For Western blot analysis:

• Normalize CXCR7 band intensity to loading controls (β-actin, GAPDH)

• Include a standard curve of recombinant protein when possible

• Use digital image analysis software with appropriate background correction

For immunohistochemistry and immunofluorescence:

• Establish consistent image acquisition parameters

• Employ digital pathology tools for quantitative analysis

• Consider both staining intensity and percentage of positive cells

• Use the H-score or Allred scoring systems for semi-quantitative assessment

For flow cytometry:

• Report expression as mean fluorescence intensity (MFI)

• Include fluorescence minus one (FMO) controls

• Use standardized beads for instrument calibration

How should researchers interpret discrepancies between CXCR7 mRNA and protein expression data?

Discrepancies between CXCR7 mRNA and protein expression are common and may reflect important biological phenomena.

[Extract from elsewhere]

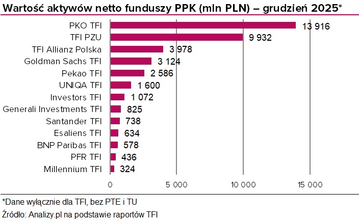 - Pod względem rocznej dynamiki (w ujęciu procentowym) największy przyrost aktywów zanotowały w 2025 r. fundusze PPK (+50,2 proc. r/r), których aktywa na koniec grudnia sięgały 39,7 mld zł (dane wyłącznie dla TFI, bez PTE i TU).
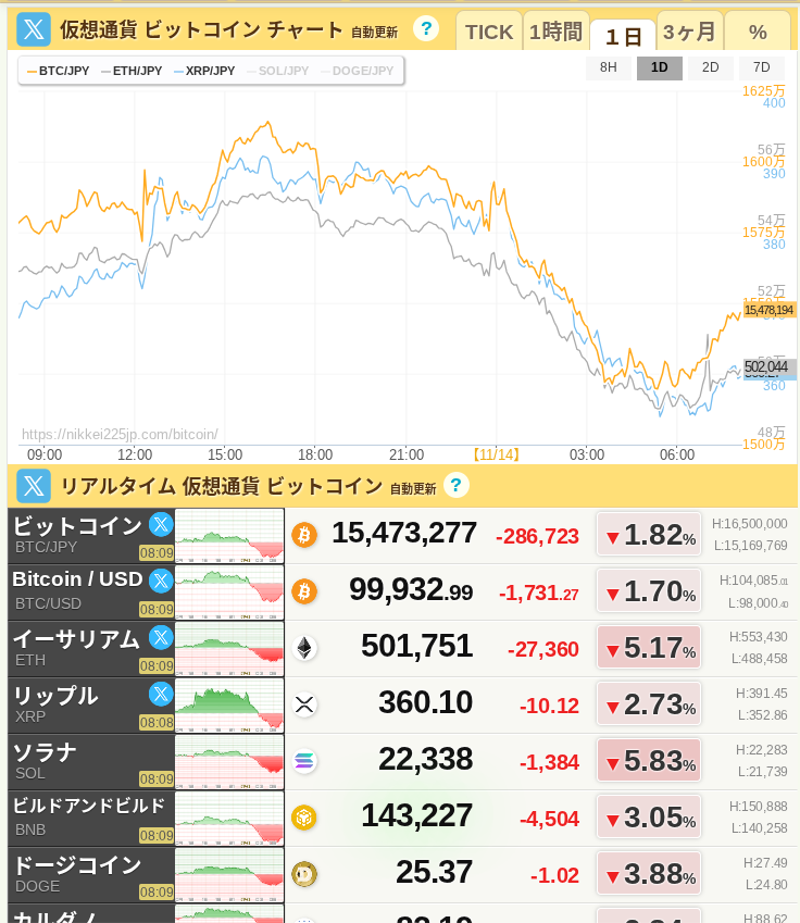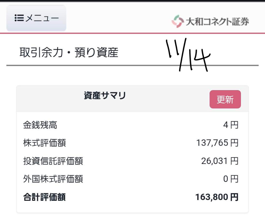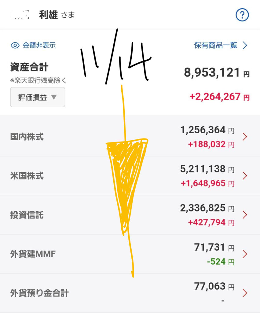 皆さま、おはようございます。投資家として活動している「私」の、11月14日午前時点の資産状況をご報告します。

When encountering such discrepancies:

• Consider post-transcriptional regulation (miRNAs, RNA-binding proteins)

• Evaluate protein stability and turnover rates

• Assess receptor internalization and trafficking

• Examine technical factors such as antibody sensitivity compared to mRNA detection methods

• Verify findings using multiple complementary techniques (e.g., Western blot, IHC, flow cytometry)

Conducting parallel analyses of mRNA (RT-qPCR, RNA-seq) and protein (antibody-based methods) can provide insight into the regulatory mechanisms controlling CXCR7 expression in different physiological and pathological contexts.